Average and large doses of hydrocortisone or cortisone can cause elevation of blood pressure, salt and water retention, and increased excretion of potassium. These effects are less likely to occur with the synthetic derivatives except when used in large doses. Dietary salt restriction and potassium supplementation may be necessary. All corticosteroids increase calcium excretion.

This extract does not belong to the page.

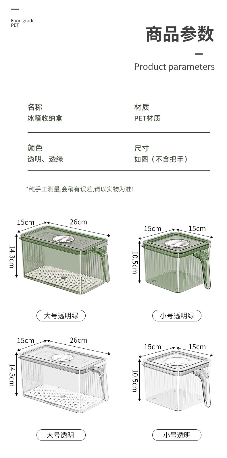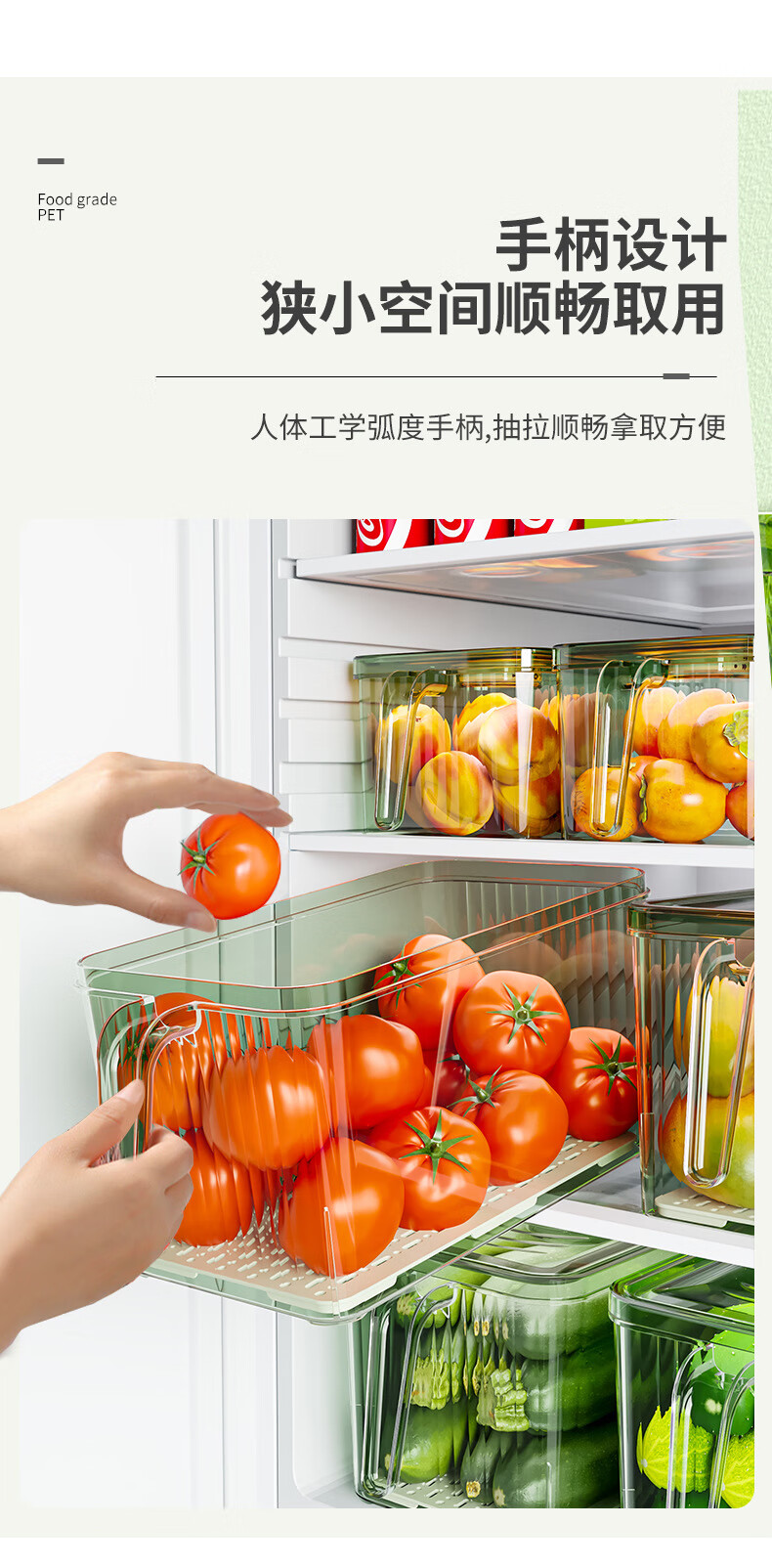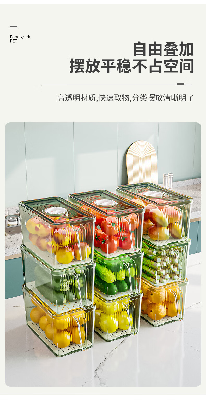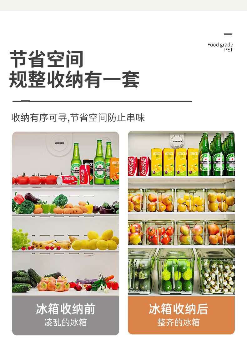 【精选厂家】带把手冰箱收纳盒保鲜盒专用厨房蔬菜鸡蛋冷冻 大号透明
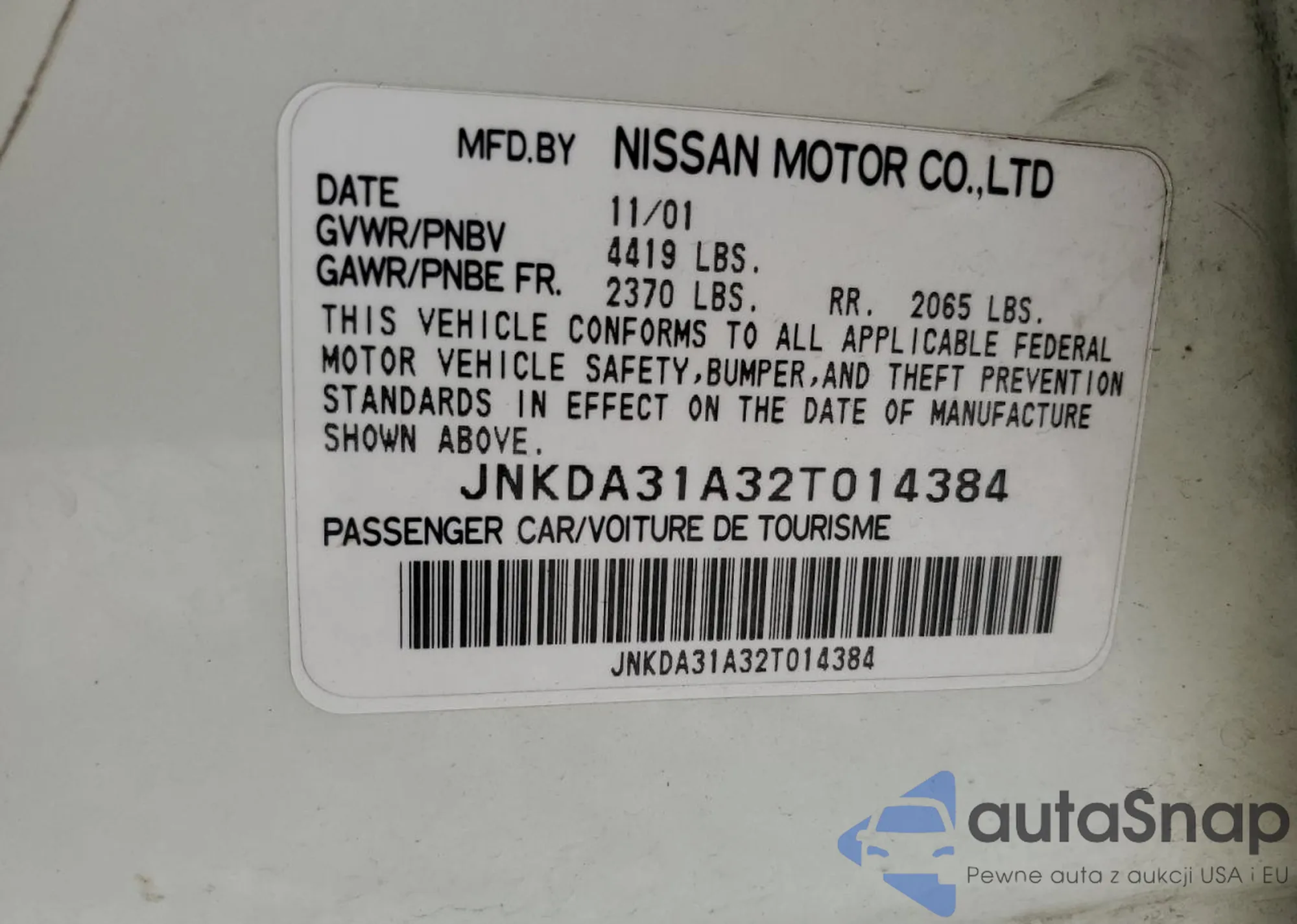 VIN: JNKDA31A32T014384

Corticosteroids can produce reversible hypothalamic-pituitary adrenal (HPA) axis suppression with the potential for glucocorticosteroid insufficiency after withdrawal of treatment.
Metabolic clearance of corticosteroids is decreased in hypothyroid patients and increased in hyperthyroid patients. Changes in thyroid status of the patient may necessitate adjustment in dosage.
Persons who are on drugs which suppress the immune system are more susceptible to infections than healthy individuals. There may be decreased resistance and inability to localize infection when corticosteroids are used. Infection with any pathogen including viral, bacterial, fungal, protozoan or helminthic infection, in any location of the body, may be associated with the use of corticosteroids alone or in combination with other immunosuppressive agents that affect humoral or cellular immunity, or neutrophil function. These infections may be mild to severe, and, with increasing doses of corticosteroids, the rate of occurrence of infectious complications increases. Corticosteroids may also mask some signs of infection after it has already started.
Chickenpox and measles, for example, can have a more serious or even fatal course in non-immune children or adults on corticosteroids. In such children or adults who have not had these diseases, particular care should be taken to avoid exposure. How the dose, route and duration of corticosteroid administration affect the risk of developing a disseminated infection is not known. The contribution of the underlying disease and/or prior corticosteroid treatment to the risk is also not known. If exposed to chickenpox, prophylaxis with varicella zoster immune globulin (VZIG) may be indicated. If exposed to measles, prophylaxis with immunoglobulin (IG) may be indicated. (See the respective package inserts for complete VZIG and IG prescribing information). If chickenpox develops, treatment with antiviral agents should be considered.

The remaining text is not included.